In the second part of the study, insulin treatment was initiated at 3.5 weeks of age in GK rats, and insulin-treated and untreated GK rats were used for experiments at 8.5 weeks of age. Random blood samples were obtained at 1000 h by decapitation without anesthesia; this was 14 h after the final insulin injection in insulin-treated group. Fasting blood samples were obtained only in untreated GK rats after 6 h of fasting by decapitation without anesthesia.

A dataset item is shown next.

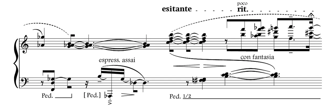 - Op. 1 for solo piano was composed in a period of vociferous musical study and apprenticeship. Berio’s Brin, Messiaen’s Catalogue d’Oiseaux, Schoenberg’s Op.11 and Op.19, as well as Takemitsu’s Uninterrupted Rests served as compositional directions, thus vaguely inhabiting the surface of the music. Post factum, a similarity with Takemitsu’s three pieces can be discerned: The limited technical palette at my disposal and the impossibility of an effortlessly exteriorized inner expression resulted in music of a melancholic autobiographical dimension.
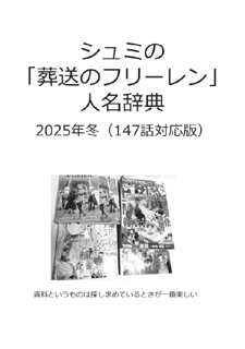 ![]() シュミの「葬送のフリーレン」人名辞典2025冬 | 2025/12/30 | 28(28) | – | 200 | コミケ107初売り 147話まで対応版 |

In all cases, pancreatic islets were obtained by collagenase dispersion from freely fed rats, and insulin release by the islets was determined in batch incubation experiments using five size-matched islets per tube in Krebs-Ringer bicarbonate (KRB) buffer as previously described (3, 11, 12, 13, 14). In brief, the islets were incubated in KRB buffer containing 3 mM glucose for 30 min (preincubation). During the subsequent 30 min, the islets were incubated in fresh KRB buffer with the test substance (experimental incubation). For the determination of ATP-sensitive K⁺ (K⁺-ATP) channel-independent glucose action, KRB buffer containing 150 µM diazoxide was used, and the experimental incubation was carried out in the presence of 25 mM K⁺ as previously described (11, 14).

The pancreata of some animals were fixed with 10% formalin, and histological examination was performed with hematoxylin-eosin staining and immnostaining with an anti-insulin antibody. In 3.5-week-old rats, the number of islets was counted through the entire pancreatic section using three sections from each rat in the two groups. The average islet diameter was determined by measuring the diameter of all islets in each analyzed section. For this purpose, the pancreas was removed with a portion of the spleen and the duodenum attached to it, and the section through the splenic hilus to the head of the pancreas was obtained.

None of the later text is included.